I Just Want Your Extra Time And Your...KISS-1

Anti-KISS-1 rabbit polyclonal antibody

By Sophie Quick

The KISS-1 gene may encode a protein relating to cancer research, but the origins of its name could be considered romantic.

KISS-1 is a G-protein coupled receptor ligand for GPR54 and has been used extensively in cancer research. Proteintech’s KISS-1 (18375-1-AP) antibody recognizes all cleaved peptides of KISS-1 and has been tested in ELISA, WB and IHC. KISS-1 can be cleaved into peptides such as metastin (54aa), kisspeptin-14, kisspeptin-13 and kisspeptin-10 and acts as a metastasis suppressor protein in malignant melanomas and in some breast cancers. Kisspeptin-GPR54 signaling also has an important role in initiating secretion of gonadotropin-releasing hormone (GnRH) throughout puberty, the extent of which is an area of ongoing research. 

IHC of paraffin embedded human liver cancer tissue slide using 18375-1-AP (KISS1 antibody) at dilution of 1:200 (under 40x lens).

Believe it or not, the KISS-1 gene was named for the location of its discovery: the lab was just around the corner from the Hershey’s Kisses chocolate factory in Pennsylvania – trivia you could share with your sweetheart this Valentine’s day as you hand over the confectionery*.

If they want to know more about KISS-1, it was first identified in skin cancer cells in 1996; the team described it as a metastasis-suppressor gene, meaning it is able to stop cancer cells spreading to other tissues – admittedly, not so romantic. However, recent discoveries have also identified a role for KISS-1’s protein product in puberty and reproduction…So it may not be incongruously named after all!

First though, let’s give credit to this molecule’s therapeutic potential and review its preventative role in cancer metastasis. Metastasis, the movement of cancer cells from one organ to another, is a complex process that involves cancer cells becoming less adhesive, invading surrounding tissue and moving around the body in the lymphatic or circulatory system. It is thought that the protein that KISS-1 produces, kisspeptin, suppresses metastasis through regulation of cell adhesion, possibly through reorganization of the cells internal structure: the cytoskeleton. The production of kisspeptin is an endogenous tactic to reduce the invasiveness of a tumor, initiating a signal that has since been seen at work in a number of cancers.

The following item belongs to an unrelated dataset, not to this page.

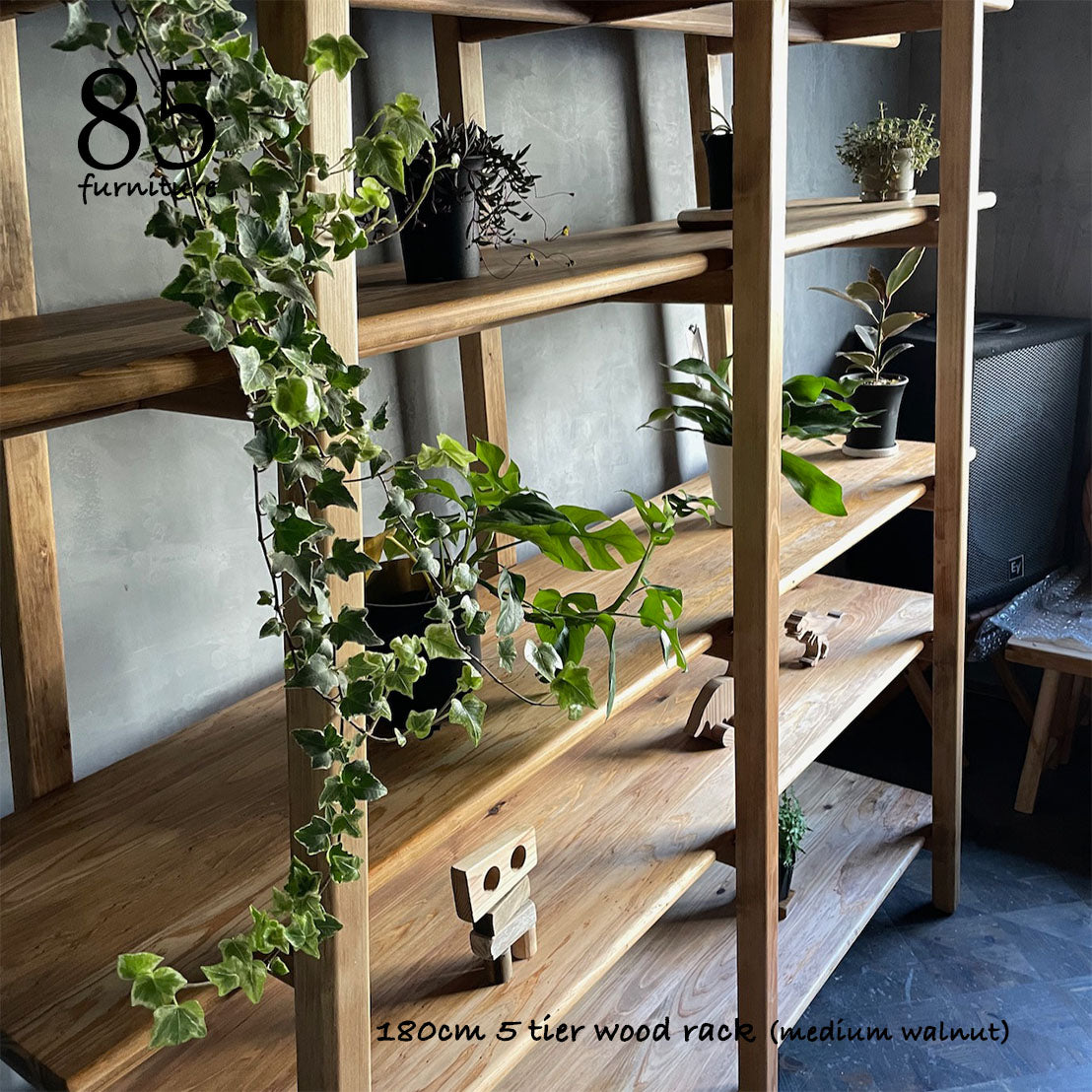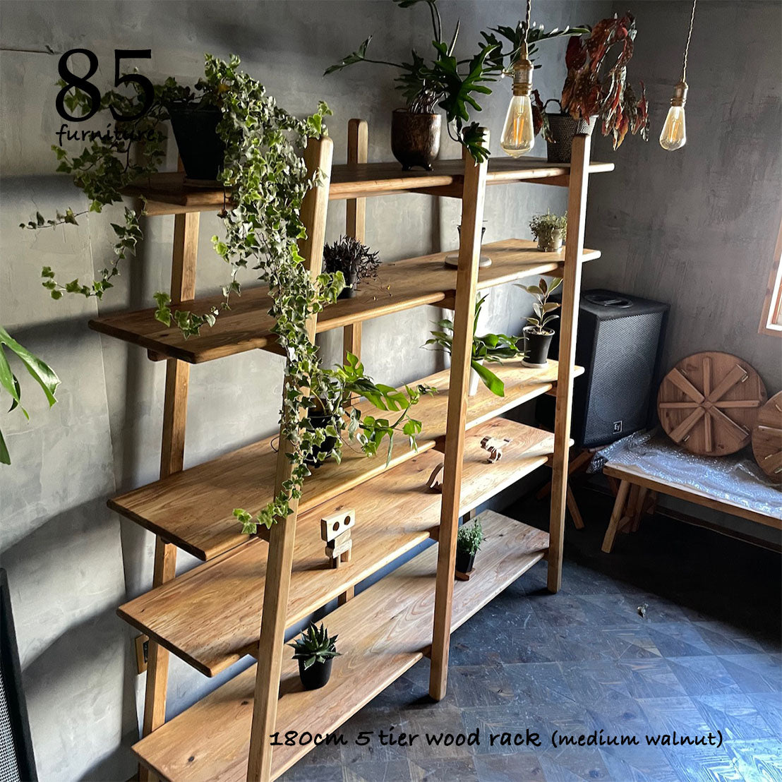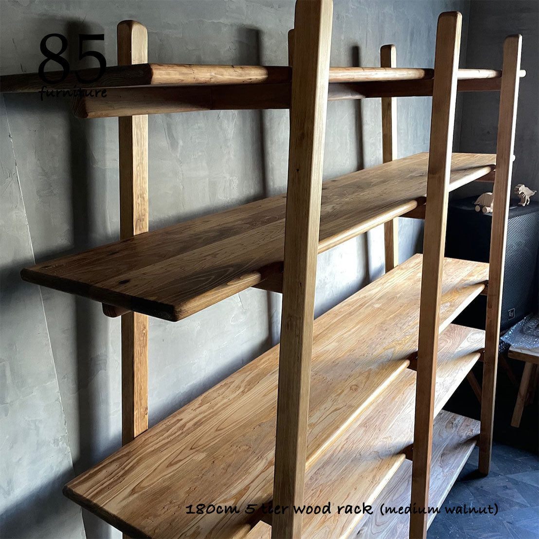 脚部も含め、すべてを無垢材で製作した5段オープンラックです。

A wealth of research carried out in a range of cell lines and patient tissue samples of various types of cancer support this role for KISS-1. In vitro experiments with breast cancer cell lines showed that the loss of the KISS-1 gene led to the increased expression of metastasis-associated transcription factors (1). In pancreatic cancer tissues, lower levels of KISS-1 mRNA were seen compared with normal pancreatic tissues, suggesting that KISS-1 may be an inhibitor of metastasis here as well (2). In gastric cancer it has even been suggested that KISS-1 could be a possible independent predictor of patient survival (3).

The long peptide protein product kisspeptin can be processed and cleaved into four shorter peptides that are all able to stimulate the kisspeptin receptor. One of these shorter peptides, kisspeptin-54, acts on a G-protein coupled receptor on certain neurons in the brain, causing a signaling cascade within the neuron that leads to the secretion of gonadotropin-releasing hormone (GnRH). The production of this hormone is only activated during puberty and goes on to stimulate the release of gonadotropins and sex steroid hormones.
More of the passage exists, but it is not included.